Systems of partial differential equations describing pseudo-spherical or spherical surfaces
Mingyue Guo, Jing Kang, Zhenhua Shi
Abstract
In this paper, we study systems of nonlinear partial differential equations which describe surfaces of constant curvature. From the flatness condition of connection 1-forms, we present a classification of systems of Camassa-Holm-type equations of the form \begin{equation*} \left\{ \begin{aligned} u_{t} - u_{xxt} &= F(x, t, u, u_{x}, \dots, \partial ^{m} u/\partial _x^{m}, v, v_{x}, \dots, \partial ^{n} v/\partial _x^{n}), \\ v_{t} - v_{xxt} &= G(x, t, u, u_{x}, \dots, \partial ^{m} u/\partial _x^{m}, v, v_{x}, \dots, \partial ^{n} v/\partial _x^{n}), \end{aligned} \right. \end{equation*} with $m,n\geq2$, for $F$ and $G$ smooth functions, describing pseudospherical or spherical surfaces.
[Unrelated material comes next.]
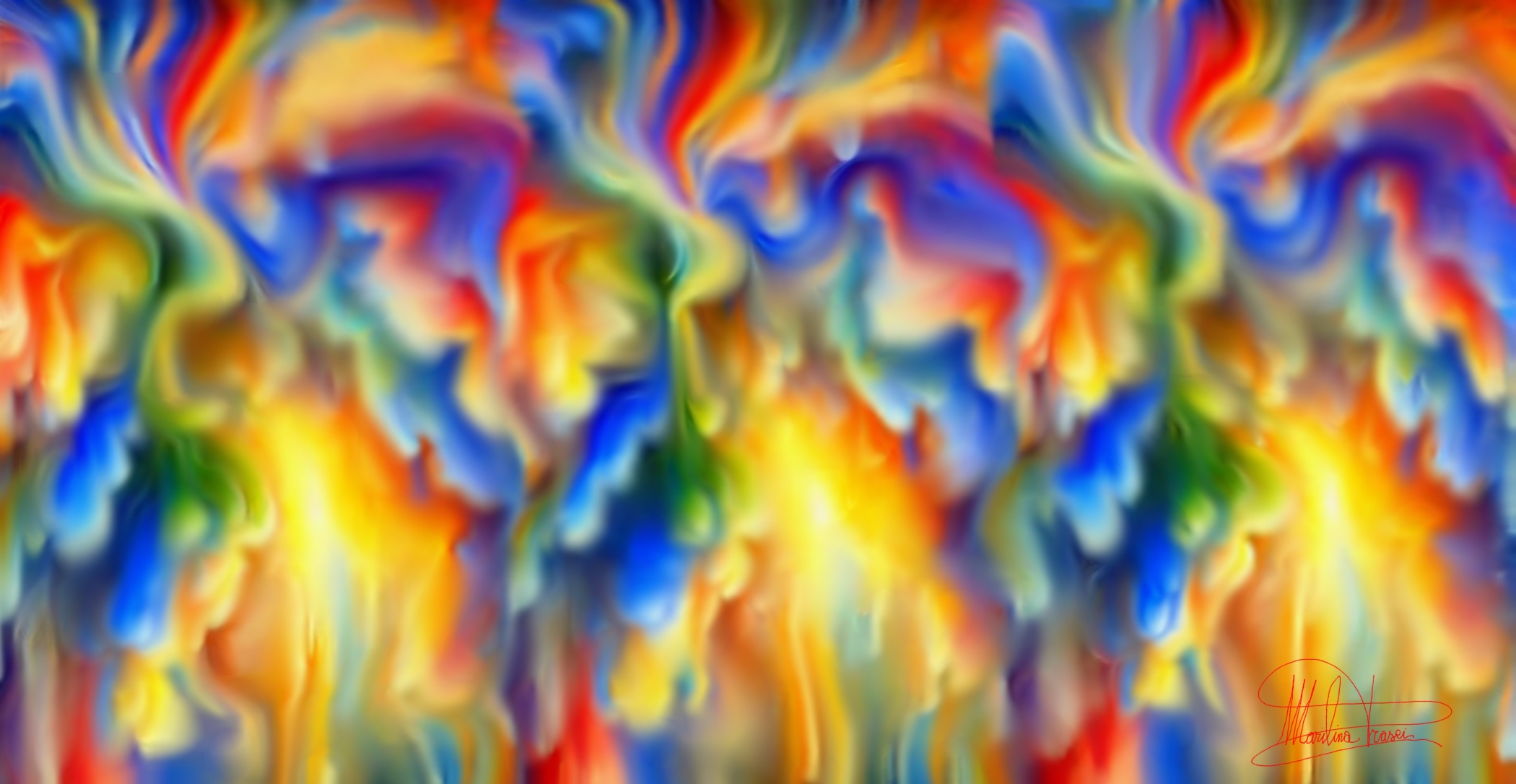 La pittura digitale, qui magistralmente rielaborata dall’artista, non è solo un mezzo tecnico, ma un’estensione del sentire umano: le sfumature calde e fredde dialogano tra loro, suggerendo la coesistenza degli opposti – il reale e l’onirico, il caos e l’ordine, la gioia e la malinconia. C'è una danza luminosa tra le forme morbide e i contrasti cromatici, che non si oppongono, ma si abbracciano in un fluire continuo.

We also establish classification results for a special type of third-order system. Applications of the results provide new examples of such systems, such as the Song-Qu-Qiao system, the two-component Camassa-Holm system with cubic nonlinearity, and the modified Camass-Holm-type system. Moreover, we construct the nonlocal symmetry and a non-trivial solutions for the two-component Camassa-Holm system with cubic nonlinearity from the gradients of spectral parameters.